God forbid if you don’t deliver a wedding card personally all hell will break loose. 2019 folks, you can’t just send a digital invite on “the what’s up”, that’s so rude. No no no, you have to personally go to deliver printed invitation to everyone. You have to DHL or TCS the invite if a rishtedar is living abroad, I mean if you can’t go on a flight and personally deliver it to them, then this is the least you can do. However, If you forget to send it to anyone, consider bonds being broken, family members gossiping about you, tarnishing your reputation.

“Did you know shagufta ki shaadi hai, usnay card bhi nahi bheja, i had to hear it from my daughter that there’s a Facebook group asking her to save the date. I mean what nonsense.”

“Ithni to tameez hothi, k card dede, matlab shaadi hain, khud ki phupo ko bhool jatha hai koi? Anyway i hope the food is good.”

These are the people that don’t understand that with so much planning sometimes a person genuinely forgets. So if you find anything less than a 1000 rupee note in one of the envelopes you can be rest assured it’s from someone whom you forgot to give the card to. 

 

Larka Kaun Hai?

See it doesn’t matter how much you love him, it doesn’t matter, arranged or love, doesn’t matter if your family approves or disapproves, but the rest of the world only cares about the larka. Your phupos, the auntie’s your mom’s friends with, even your friends mother, they want to know. Here’s a little idea as to how” the larka kaun hai?” conversation goes down.

 

Aunty: So Farida what news, how’s everything?

Mom: bus our Aneela is getting married, abhi uski baath paki hoi hai

Aunty (eyebrows raised, eyes popping out of her sockets) : ohhh achaa, wow congratulations , bohath boahth mubarak  – translation (tumhari beti ko larka mil gaya? Meri beti ko kyun nahi mila abhi koi?)

Mom: haan last week hi hui thi.

Aunty: ohh acha, how lovely, waisay larka kaun hai? – translation (is he moneyed? Ghar kithna bara hai? Passport hai? Influential family? Job kiya kartha hai? Settled hai?

Mom:  oh very nice boy, Aneela ki class mai tha

Aunty (doesn’t know how to maintain smile): oh achaa. Chalo Allah khush rakhay.

Now this conversation will be repeated many times, and the majority of the times it will be repeated with a third person most probably between two aunties. And believe you me a lot will be said and discussed.

 

The Jewellery 

You need the right jewellery for your wedding dress, after all the heavy jora you’ve spent thousands on isn’t going to cut it, you need to accessorise it with jewellery.
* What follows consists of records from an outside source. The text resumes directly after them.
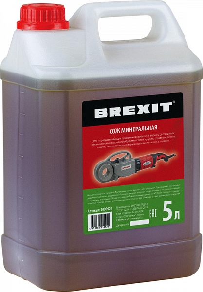 СОЖ минеральная Brexit 5 л (Брекзит 5 л) – смазочно-охлаждающая жидкость на минеральной основе для резьбонарезных станков и клуппов, сверлильного, режущего и гибочного оборудования.
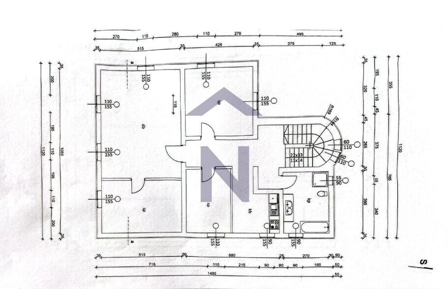 1. kat: 4 spavaće sobe, kuhinja i kupaonica.
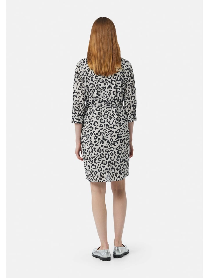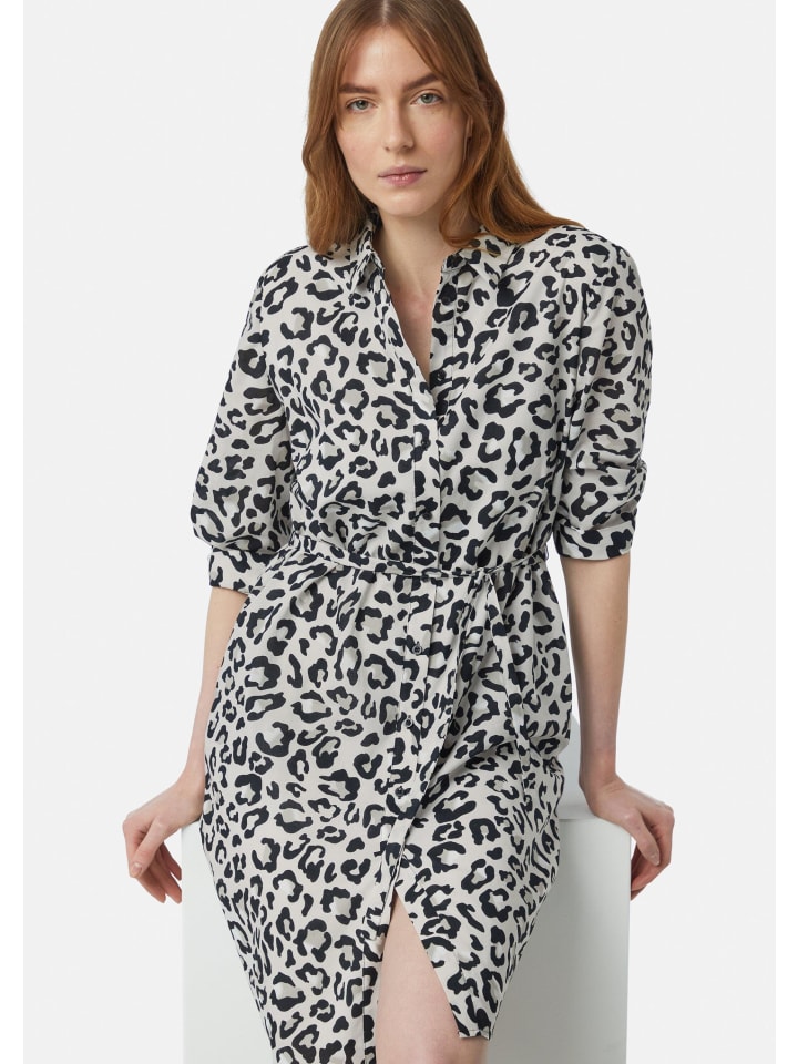 Дикий стиль встречается с элегантностью: это платье-рубашка с леопардовым принтом станет вашим новым модным акцентом. Изготовленное из высококачественного хлопка, оно выгодно подчеркивает фигуру благодаря рукавам три четверти и строгому крою. Отложной воротник и планка на пуговицах придают изделию классический вид, а завязывающийся пояс подчеркивает талию. Сочетайте его с кроссовками для создания повседневного образа или с туфлями-лодочками для создания элегантного образа.
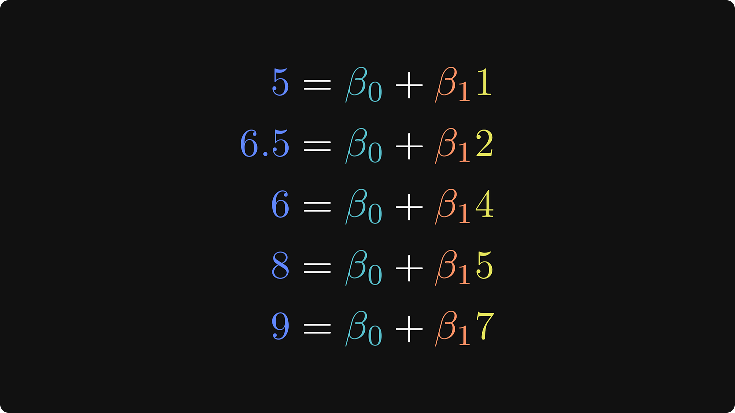 Take a moment to see how these equations map onto each data point in the scatter plot I showed earlier.
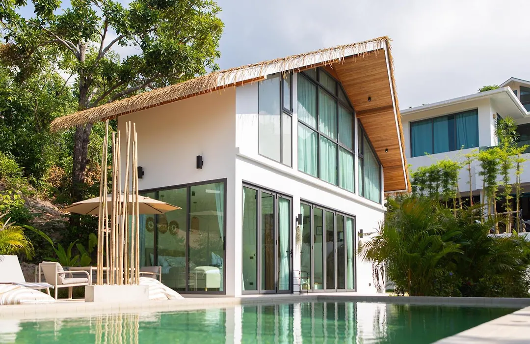 De woning biedt uitzicht op het zwembad en beschikt over een terras. De gesitueerde in Srithanu Siam Mila Tropical House Villa beschikt over een badkamer met een douche.

Your mom in law might want you to wear the necklace she wore on her wedding day, maybe your mom wants to do the same. Who do you make happy? However, you see that doesn’t matter because regardless of what you wear and how much you wear, all people are interested in is whether its real or not, and how much it costs.

 

Unnecessary Advice

People love giving advice, maybe it’s because they genuinely want to help but for a new bride and groom it may well be completely unnecessary. After all, it’s not like what happened to you might happen to them. And mostly this advice always comes from relatives, they want to share their expertise on the matter, because obviously once you’re married you know everything about marriages. What they don’t realise is this can be extremely daunting for a new couple, especially if it’s arranged. Like no Beenish aunty I don’t want to know if it’s advisable to eat spicy food the day before your wedding. After all who can eat with all that mehndi on your hands anyway.